Il en alla autrement en Allemagne. Quand le Parti s’engouffre dans le bellicisme, Karl Liebknecht rompt la discipline de groupe socialiste et refuse les crédits militaires en décembre 1914. Il est exclu du parti et fonde en 1915 avec Rosa Luxemburg la Ligue spartakiste. Mobilisé en 1916, il refuse de porter les armes. Rosa et lui seront emprisonnés pour haute trahison jusqu’en novembre 1918. Les nombreux minoritaires du parti, qui avait suivi par discipline la direction dans son le soutien à la guerre, manifesteront au grand jour leur condamnation du conflit dès 1916. Exclus, ils créeront en 1917 le parti socialiste indépendant d’Allemagne, où se retrouveront Haase, Kautsky, Bernstein, et également les spartakistes : cohabitation difficile entre ces "centristes" et les révolutionnaires spartakistes...

Après quatre années de trauma guerrier, le Reich vaincu s’effondre. La Révolution de novembre 1918 libère Liebknecht et Rosa Luxemburg et, dans un étrange consensus, le pouvoir est dévolu aux socialistes "officiels", qui en rêvaient depuis toujours. Cadeau empoisonné qui va faire d’eux les "gérants loyaux" du système et les bourreaux des spartakistes.
De novembre 1918 à avril 1919 en effet, cependant que les socialistes indépendants hésitent, l’Allemagne va connaître une période de lutte armée pour le pouvoir ; les Spartakistes, prenant au mot la mission historique fixée au prolétariat par Marx et Engels, affronteront le pouvoir social-démocrate, et son bras armé : les Corps francs réactionnaires de sinistre mémoire, qui, à l’issue de la grève générale et de la semaine sanglante du 5 au 12 janvier 1919, assassineront Karl Liebknecht et Rosa Luxemburg. (Cf. Gilbert Badia, Les Spartakistes, editions Aden, 2008).
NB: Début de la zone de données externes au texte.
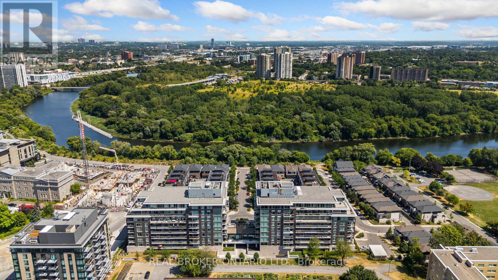 Welcome to 310-530 De Mazenod! This stunning 2 bedroom + den, 2 bathroom corner unit in the prestigious River Terrace 1 at Greystone Village, crafted by EQ Homes. Designed for modern living, this sophisticated condo offers an abundance of natural light, high-end finishes, and a thoughtfully designed layout. The sleek, open-concept kitchen features a gas stove, quality cabinetry, and a large stylish island perfect for entertaining. The living space opens to a private balcony with a gas BBQ hookup. The primary bedroom features a wall of closets and spacious ensuite bathroom with glass shower. On the other side of the unit you will find a functional den next to the 2nd bedroom which features a murphy bed included with the unit. Enjoy the convenience of underground parking and a storage locker, plus an impressive list of amenities: a fully equipped gym and yoga space, elegant guest suite, recreation room with outdoor patios, meeting room, car wash/pet wash station, and kayak storage for waterfront adventures.Situated in Old Ottawa East, youre steps from the Rideau Canal, minutes to downtown, and have easy access to the Glebe via the Flora Footbridge. With the highway nearby, commuting is a breeze, and the surrounding community offers a perfect balance of nature, culture, and urban convenience. (id:64974)
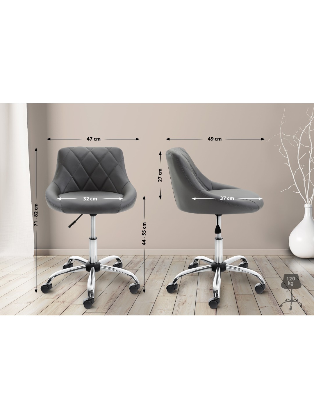 Arbejdskamlen er et behageligt sæde - ideel til lægekontorer, massage- og kosmetiksaloner. Det polstrede sæde fås med enten syntetisk læder eller stofbetræk og er særdeles behageligt polstret, ryglænet giver ekstra komfort. Drejestolen kan højdejusteres ved hjælp af en gaslift og kan drejes 360°. Den står sikkert på fem jævnt kørende hjul og en metalramme i krom-look. Lige meget om det er hårde eller tæppebelagte gulve – du kan altid rulle let og løst hen over gulvet. Enkelt, stilrent design og robuste materialer, der viser sig i hverdagen.
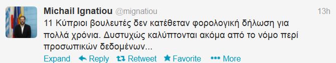 “11 Κύπριοι βουλευτές δεν κατέθεταν φορολογική δήλωση για πολλά χρόνια”, σχολιάζει στο twitter ο δημοσιογράφος Μιχάλης Ιγνατίου.
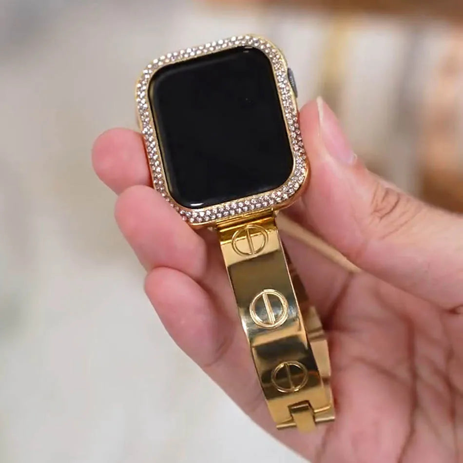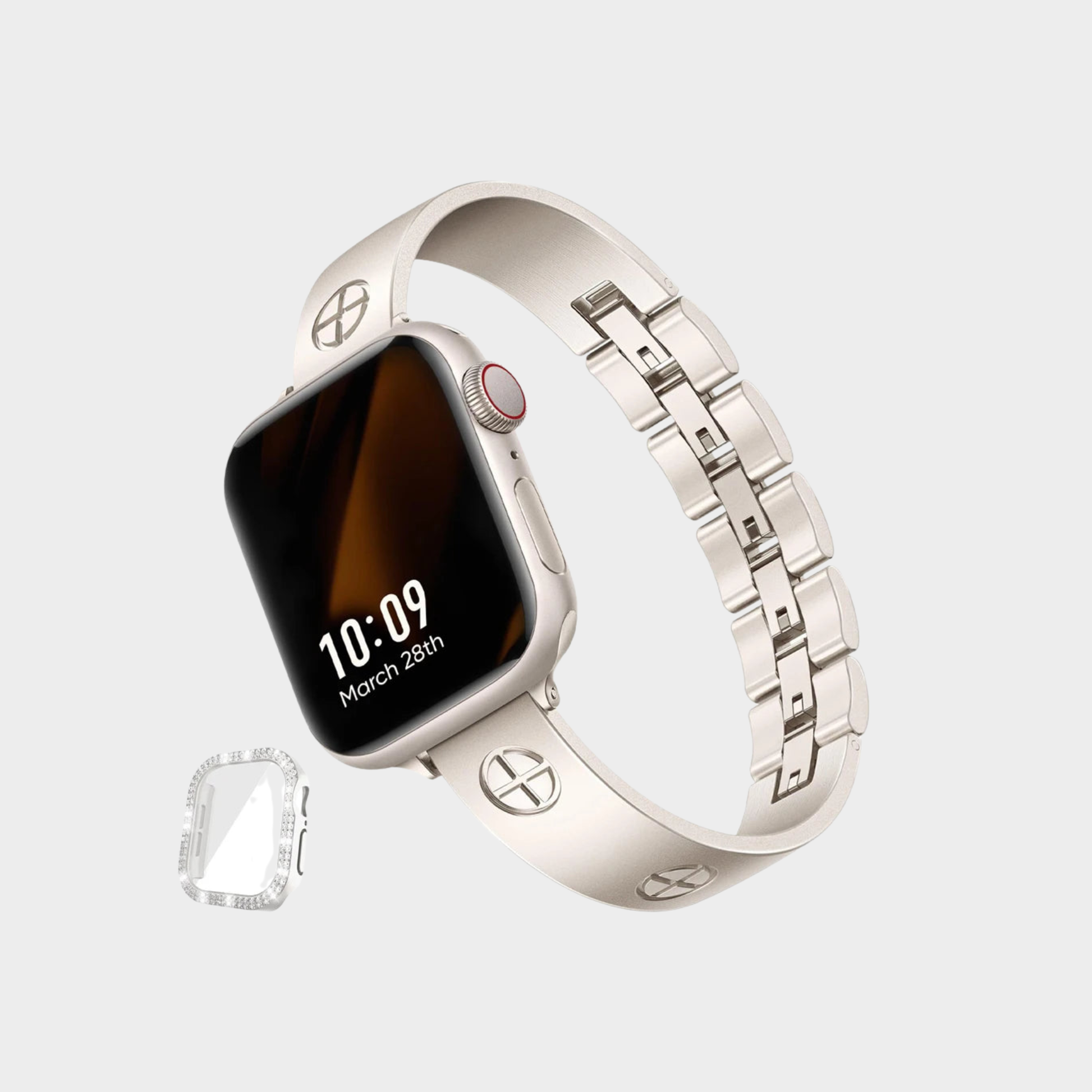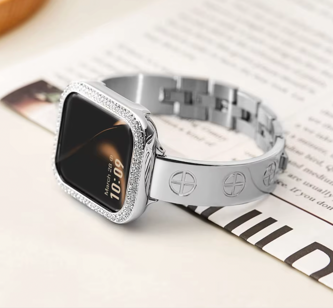includes a protective Apple Watch case adorned with subtle diamond-like details, allowing you to personalize your look from day to night.
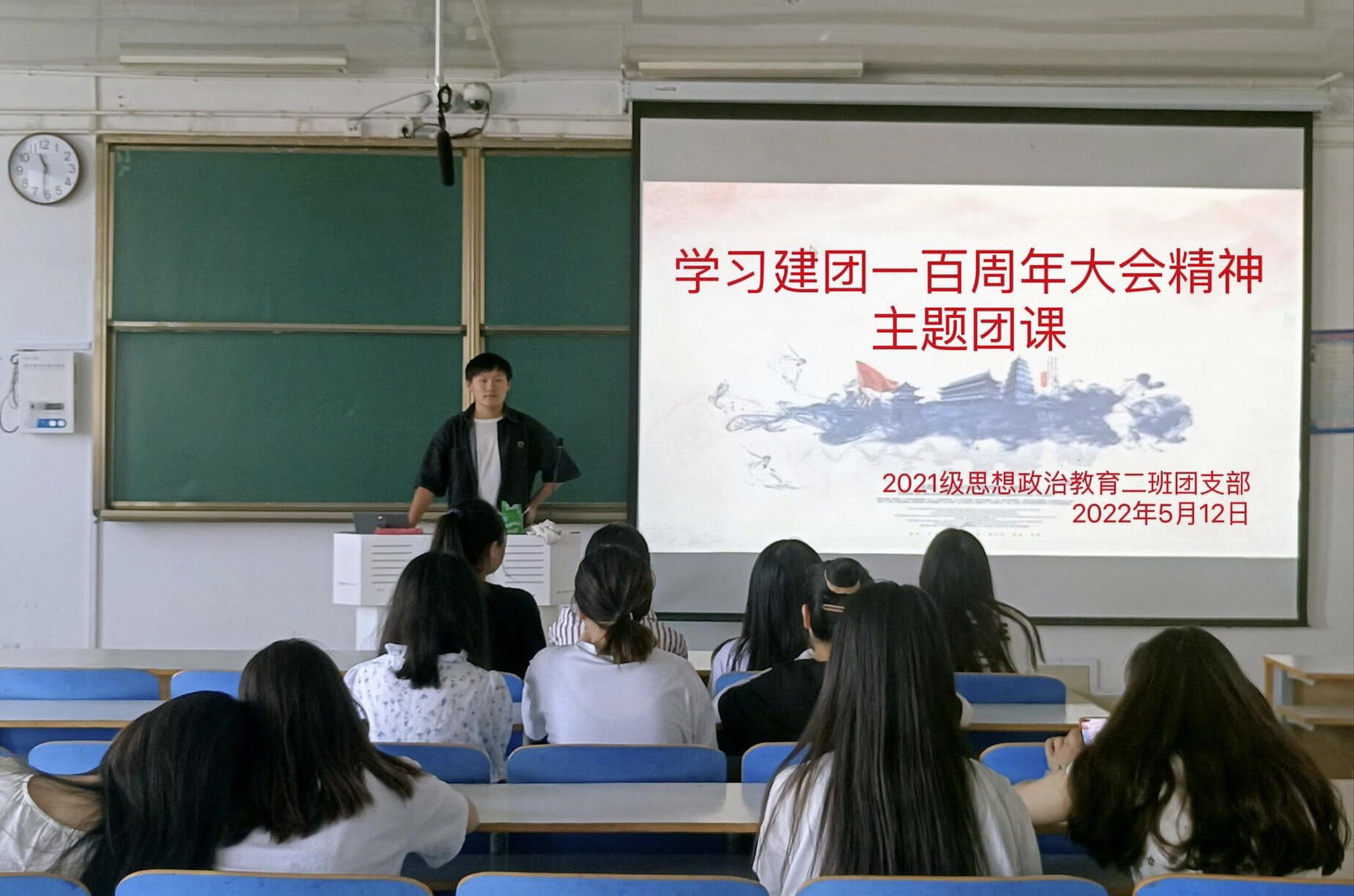 5月12日,永利集团官网2021级思想政治教育二班在社科楼514教室召开学习建团一百周年大会精神主题团课。2021级思想政治教育二班全体团员参加此次团课。团课由团支书王婧欣主持。

Au même moment, dans la France victorieuse, le prolétariat français ne paraît pas pressé d’assumer cette même tâche historique fixée Marx et Engels : la Révolution. La direction syndicale réformiste de la C.G.T est confortée. Les salariés sont en lutte pour leurs revendications, et souvent avec succès : conventions collectives de branches obtenues le 25 mars ; journée de 8 heures obtenue le 23 avril ; énorme manifestation du 1er mai ; vague de grèves de juin, parfois victorieuses, à partir de la métallurgie parisienne, puis reflux et découragement... Le soutien sentimental à la Révolution russe se marque aussi concrètement : les dockers par exemple refusent d’aider l’intervention française contre les Soviets. Mais les mutineries des troupes françaises engagées en Ukraine, puis de la Marine nationale refusant l’intervention, en mars-avril, n’entraînent pas un mouvement révolutionnaire en France. Par exemple, les marins mutinés à Toulon n’obtiennent pas le soutien effectif des grévistes des Chantiers navals de La Seyne ou des travailleurs de l’Arsenal. La lutte pour les revendications ouvrières et l’action révolutionnaire ne se rejoignent pas.
Dans ce contexte, la question de la Révolution reste certes à l’ordre du jour dans le discours du parti socialiste, où les tenants de l’Union sacrée de 1914 sont contestés par un "centre" prudent et par une extrême gauche combative et enflammée par l’exemple russe. Mais la question de la Révolution n’a pas, comme en Allemagne, de retombées pratiques, sinon celles de l’attentisme : la fameuse "analyse concrète d’une situation concrète" indique, non seulement à l’aile droite, mais aux centristes revenus de l’Union sacrée, que la Révolution n’est pas à l’ordre du jour : en ce début d’année 1919, l’attitude plus que prudente de la majorité des socialistes à l’égard de la Révolution allemande est significative.

Je reviendrai sur tout cela. Les lecteurs de mon ancien blog retrouveront des documents déjà présentés, les autres les découvriront.